* EXERCISE PROMPT:
Could you retype exactly the lines below between the one holding "1959年法国出品西班牙艺术家签名创作彩色油印版画「 Les Vendangeurs" and the one holding "La pioggia si", inclusive, leaving out any pictures?
── DATASET ──
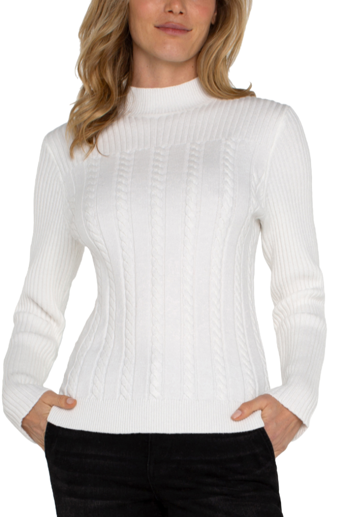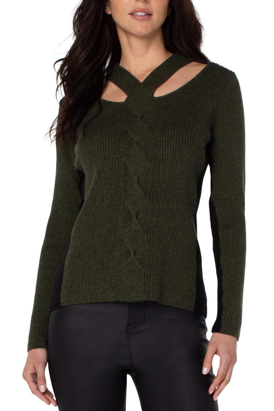 Long Sleeve Cable Twist Neck Wrap Sweater
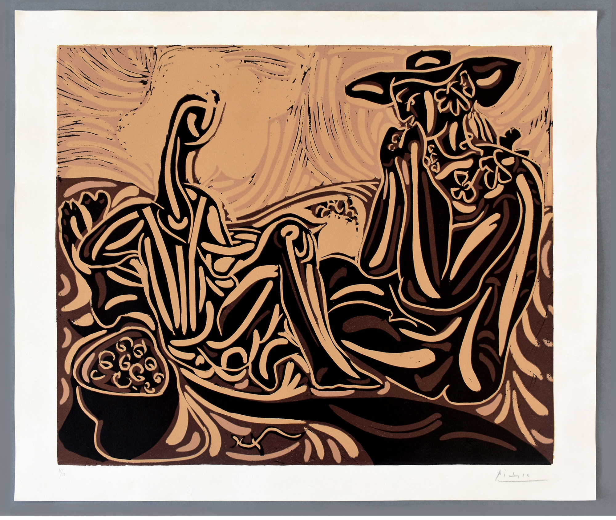 1959年法国出品西班牙艺术家签名创作彩色油印版画「 Les Vendangeurs 收获葡萄的人 」
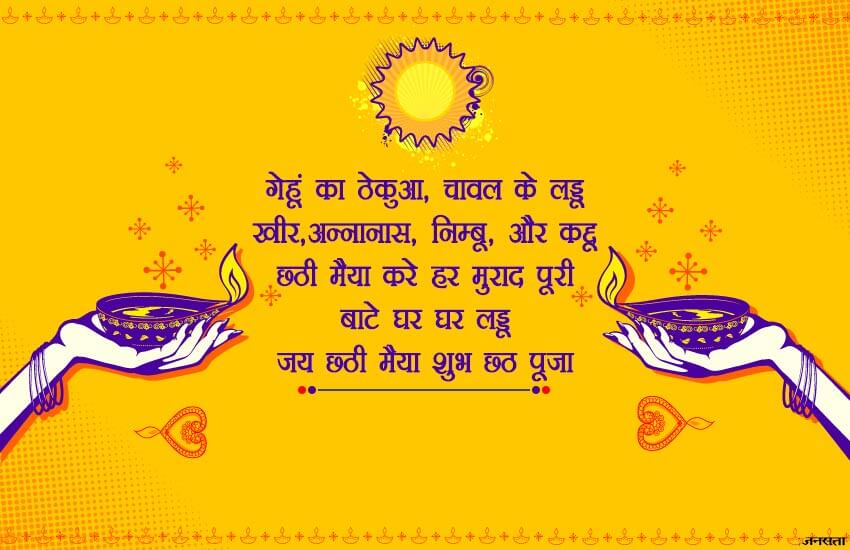 छठ पूजा को लेकर मान्यता है कि जो व्यक्ति इन दिनों छठ माता की पूजा करता है, छठ माता उनकी संतानों की रक्षा करती हैं। छठ व्रत रखने वाले लोग दो दिनों तक निर्जल व्रत रखते है। इस दिन लोग एक-दूसरे को छठ पूजा की बधाई देते हैं और शुभकामना संदेश भेजते हैं। आप भी अपने करीबियों को इन स्पेशल मैसेज, एसएमएस, वॉलपेपर और फोटोज के जरिए शुभ संदेश भेजकर विश कर सकते हैं।
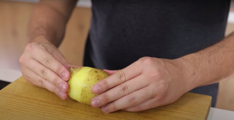 Have you ever avoided a recipe because it requires peeling potatoes? We've been there. Though potatoes are delicious and can be prepared in a myriad of ways, they are truly a pain to peel. Not only do the peels get everywhere, but you also have to actively try not to slice your fingers in the process. Yet, what if we told you that there is a potato peeling hack that will solve these problems?
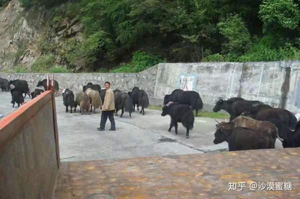 在货车后箱上看着牦牛群
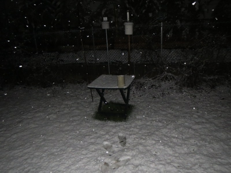La pioggia si è trasformata in neve dopo le ore 22.00 di ieri, alle ore 00.00 nevica tra il moderato ed il forte con un accumulo di circa 2 cm (vedi foto), neve bagnata (temperatura +0,3°C).
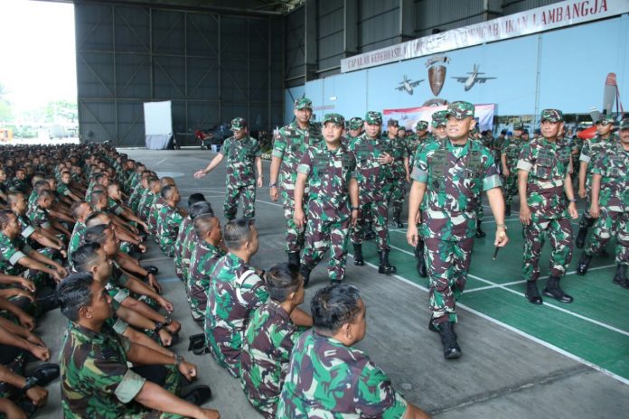 Malang – Panglima TNI Jenderal TNI Gatot Nurmantyo melakukan kunjungan dan memberikan pengarahan kepada 3.700 prajurit TNI, bertempat di Hanggar Skadron 32 Lanud Abdulrahman Saleh, Malang, Jawa Timur, pada Senin (16/10/2017).
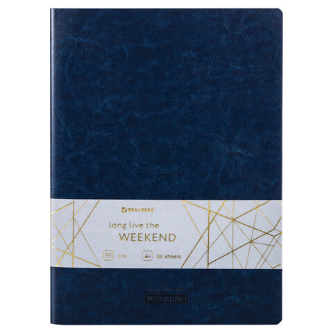Тетрадь 48 л. в линию обложка гладкий кожзам, сшивка, A5 (147х210мм), ТЕМНО-СИНИЙ, BRAUBERG VIVA, 40
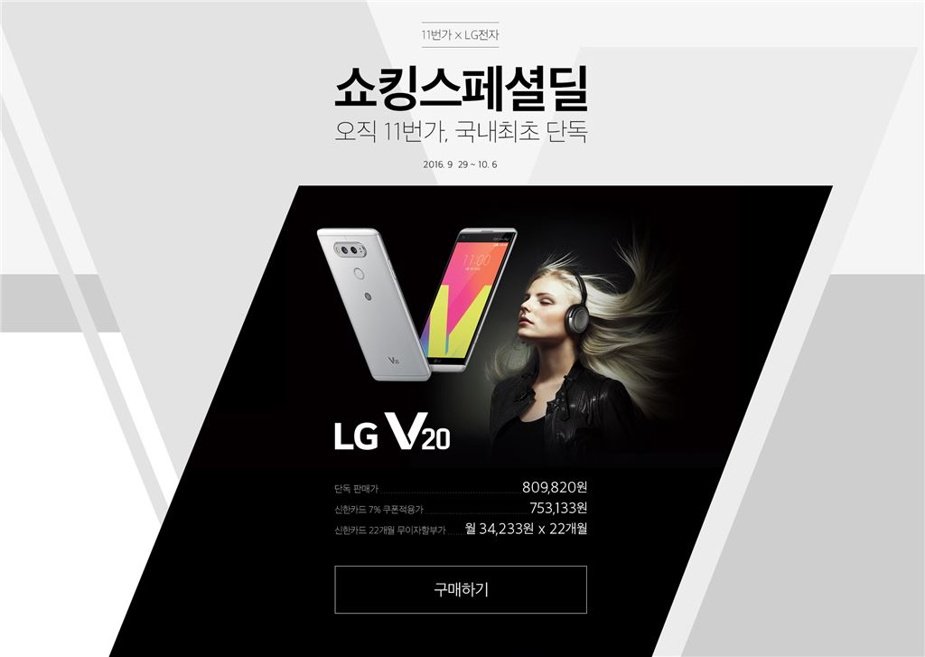 신한카드 무이자할부, 10% 할인쿠폰에 V20출시 프로모션 혜택과 11번가에서만 받을 수 있는 5가지 추가 사은품 제공[아시아경제 지연진 기자]SK플래닛 11번가가 다음달 6일까지 LG전자 최신 스마트폰 V20 무약정폰을 오픈마켓 단독 판매한다.무약정폰은 통신사 약정없는 공기계 스마트폰으로 내가 원하는 통신사를 선택해 요금제를 마음대로 골라 가입할 수 있으며 각 통신사가 제공하는 20% 요금약정할인을 받을 수 있어 경제적이다.29일 출시된 LG전자 V20은 뱅앤올룹슨 플레이(B&O)와 합작해 세계 최초로 32비트 쿼드 DAC 을 탑재하고 일반 CD음질의 16배 이상의 고해상도 음원을 감상할 수 있어 화제가 됐다. 뿐만 아니라 전후면 카메라에 모두 광각렌즈를 장착해 더욱 다양한 사진촬영과 셀카기능들을 이용할 수 있게 됐다.11번가에서 V20무약정폰을 구매하면 LG전자가 제공하는 출시 프로모션 혜택*과 함께 11번가 단독 론칭을 기념해 액정필름, 젤리케이스, 차량용·가정용 충전기 등 5가지 추가 사은품을 증정할 계획이다.LG V20 무약정폰의 판매가는 98만9780원이며 신한카드 22개월 무이자할부와 선착순 하루 5백명에게 10% 할인 쿠폰을 제공한다.지연진 기자 gyj@asiae.co.kr<ⓒ세계를 보는 창 경제를 보는 눈, 아시아경제(www.asiae.co.kr) 무단전재 배포금지>
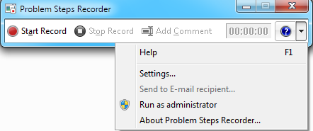 Как вы видите, ещё одно маленькое различие заключается в том, что в Windows 7, есть вариант «Запустить как администратор» в меню Помощь , но этого в Windows 8 не хватает. Это потому, что в Windows 8, Steps Recorder непосредственно работает от имени администратора.
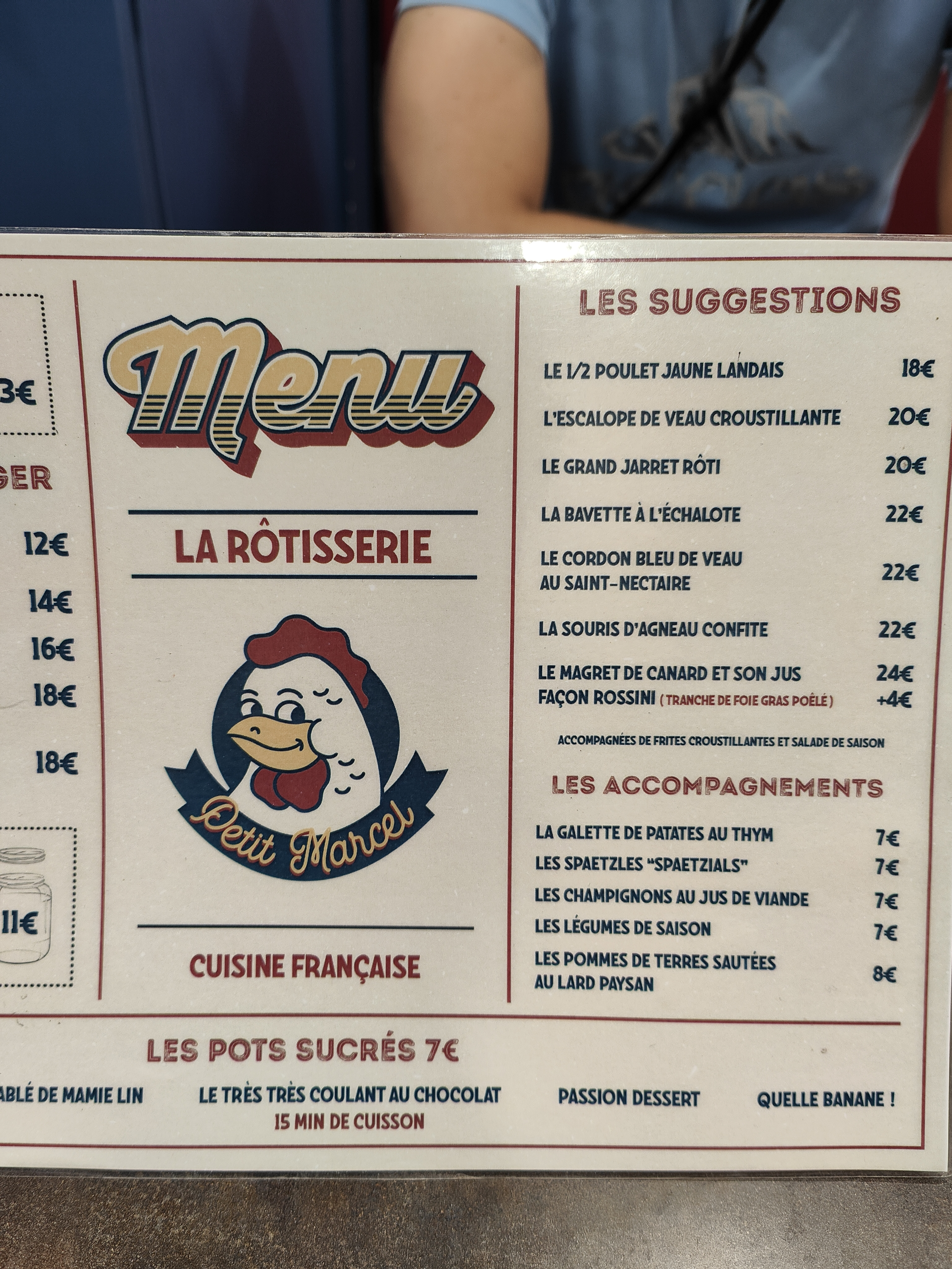 Pour celles et ceux qui connaissent déjà la sandwicherie du Petit Marcel, vous n'êtes pas sans savoir que tout est parti de ce petit resto, qui s'appelait alors Plume. Depuis l'apparence visuelle de l'enseigne a changé mais les fondamentaux qui sont l'ADN du petit Marcel restent intacts. Vous trouverez toute une gamme de plats de viandes cuits à la perfection. J'y suis passé trois fois récemment et à diverses occasions : - Pour un repas du soir, je me suis laissé tenter par leur souris d'agneau confite. Merveilleusement cuite et fondantr, avec un jus à tomber par terre, servie avec des frites délicieusement croustillantes. Elles sont accompagnées de sauces maison que vous reconnaîtrez si vous avez déjà mangé à la sandwicherie : ketchup de poivron, bearnaise, mayo au poivre, et leur merveilleuse sauce vietnamienne, sucrée salée à la coriandre. Ma conjointe a quant à elle choisi la salade tomate mozza, très savoureuse et bien présentée. Même si nous sommes dans une rôtisserie, c'est très sympa de penser quand même à des clients végétariens ! Attention plus que louable. - Un autre soir avec un ami, j'ai enfin goûté leurs rillettes de poulet : c'est maison, c'est frais, avec des vrais bons morceaux de poulet et du fromage frais, avec un pain bien croustillant, du gros sel et des oignons frits à mettre par-dessus. Une belle mise en bouche complétée par un bon pinot noir. Pour la suite, j'ai choisi le cordon bleu de veau, que j'ai déjà commandé plusieurs fois à emporter. Dès qu'il arrive à table, on sent cette bonne odeur de chapelure frite, qui douce au nez (et qui ne sent pas le graillon) et qui fait immédiatement saliver. Et quand on le coupe, le saint nectaire dégouline dans l'assiette comme un fondant au chocolat. Le meilleur cordon bleu des alentours, sans contredit possible. Au dessert, pour rester dans le thème, un délicieux coulant au chocolat, riche et gourmand. - Pour un déjeuner j'ai hésité entre la suggestion du jour (qui semblait délicieuse : un risotto aux truffes d'été avec une crème de mascarpone montée au citron et évidemment du parmesan) et le jarret de porc. J'opte pour la deuxième possibilité, et c'est du niveau de la souris : fondant, juteux, peau caramélisée et un jus de viande à tomber. Copieux et presque hallucinogène par ce cagnard. Du point de vue du service, rien à redire : les serveuses ont été agréables et professionnelles, avec peut-être un léger bémol pour un verre de vin arrivé en moitié de mon plat. Mais je n'en tiens pas rigueur, ce sont des choses qui arrivent. Vous l'aurez compris, ce restaurant est l'une des adresses les plus en vogue de Mulhouse, et c'est mérité : un restaurant où tout est fait maison, et où on a le sentiment de ne pas être pris pour des jambons. Je vous le recommande donc plus que chaudement.
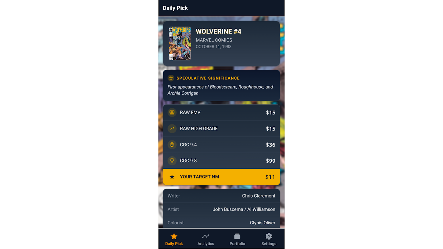시장 상황, 등급이 매겨진 만화책 재고 여부, 그리고 추천 이유를 명확하게 제시하는 엄선된 만화책 추천을 매일 받아보세요. 코믹 인덱서는 현재 저평가되어 있을 가능성이 있는 만화책을 찾아내고, 적절한 가격에 구매하여 등급을 매길 경우 얻을 수 있는 잠재적 가치 상승분을 알려드립니다.
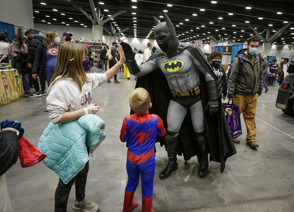 在加拿大温哥华举办的温哥华动漫迷博览会上,蝙蝠侠扮演者与人们互动。(图片来源:新华社)
───
* REPLY:
 1959年法国出品西班牙艺术家签名创作彩色油印版画「 Les Vendangeurs 收获葡萄的人 」
 छठ पूजा को लेकर मान्यता है कि जो व्यक्ति इन दिनों छठ माता की पूजा करता है, छठ माता उनकी संतानों की रक्षा करती हैं। छठ व्रत रखने वाले लोग दो दिनों तक निर्जल व्रत रखते है। इस दिन लोग एक-दूसरे को छठ पूजा की बधाई देते हैं और शुभकामना संदेश भेजते हैं। आप भी अपने करीबियों को इन स्पेशल मैसेज, एसएमएस, वॉलपेपर और फोटोज के जरिए शुभ संदेश भेजकर विश कर सकते हैं।
 Have you ever avoided a recipe because it requires peeling potatoes? We've been there. Though potatoes are delicious and can be prepared in a myriad of ways, they are truly a pain to peel. Not only do the peels get everywhere, but you also have to actively try not to slice your fingers in the process. Yet, what if we told you that there is a potato peeling hack that will solve these problems?
 在货车后箱上看着牦牛群
La pioggia si è trasformata in neve dopo le ore 22.00 di ieri, alle ore 00.00 nevica tra il moderato ed il forte con un accumulo di circa 2 cm (vedi foto), neve bagnata (temperatura +0,3°C).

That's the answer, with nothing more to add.